EXERCISE DETAILS: Everything in the data must be repeated exactly, apart from the pictures, which are left out.

COLLECTED MATERIAL:

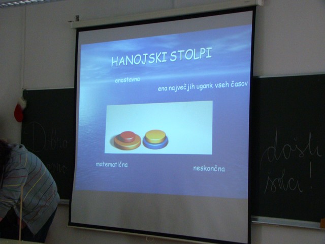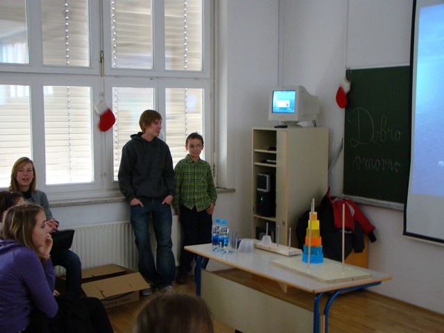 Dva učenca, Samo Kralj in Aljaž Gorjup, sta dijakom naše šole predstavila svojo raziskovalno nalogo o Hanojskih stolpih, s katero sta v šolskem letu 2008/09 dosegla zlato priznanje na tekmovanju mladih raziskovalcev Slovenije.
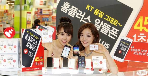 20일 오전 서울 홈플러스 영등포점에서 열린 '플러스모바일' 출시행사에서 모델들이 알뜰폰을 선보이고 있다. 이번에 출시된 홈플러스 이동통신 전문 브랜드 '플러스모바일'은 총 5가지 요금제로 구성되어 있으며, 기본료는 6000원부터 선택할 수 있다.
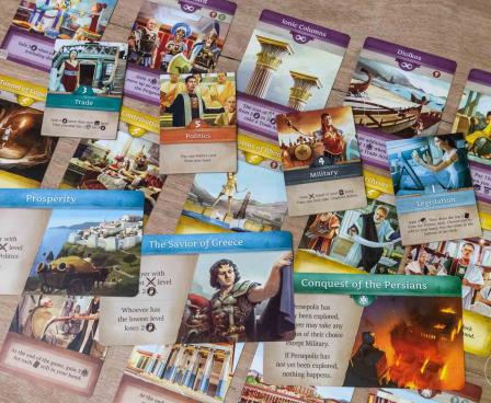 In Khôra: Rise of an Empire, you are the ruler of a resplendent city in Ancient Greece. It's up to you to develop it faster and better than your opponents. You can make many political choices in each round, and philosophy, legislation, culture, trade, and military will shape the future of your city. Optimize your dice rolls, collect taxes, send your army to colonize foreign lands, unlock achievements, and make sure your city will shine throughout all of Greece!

SOLUTION:
 Dva učenca, Samo Kralj in Aljaž Gorjup, sta dijakom naše šole predstavila svojo raziskovalno nalogo o Hanojskih stolpih, s katero sta v šolskem letu 2008/09 dosegla zlato priznanje na tekmovanju mladih raziskovalcev Slovenije.
 20일 오전 서울 홈플러스 영등포점에서 열린 '플러스모바일' 출시행사에서 모델들이 알뜰폰을 선보이고 있다. 이번에 출시된 홈플러스 이동통신 전문 브랜드 '플러스모바일'은 총 5가지 요금제로 구성되어 있으며, 기본료는 6000원부터 선택할 수 있다.
 In Khôra: Rise of an Empire, you are the ruler of a resplendent city in Ancient Greece. It's up to you to develop it faster and better than your opponents. You can make many political choices in each round, and philosophy, legislation, culture, trade, and military will shape the future of your city. Optimize your dice rolls, collect taxes, send your army to colonize foreign lands, unlock achievements, and make sure your city will shine throughout all of Greece!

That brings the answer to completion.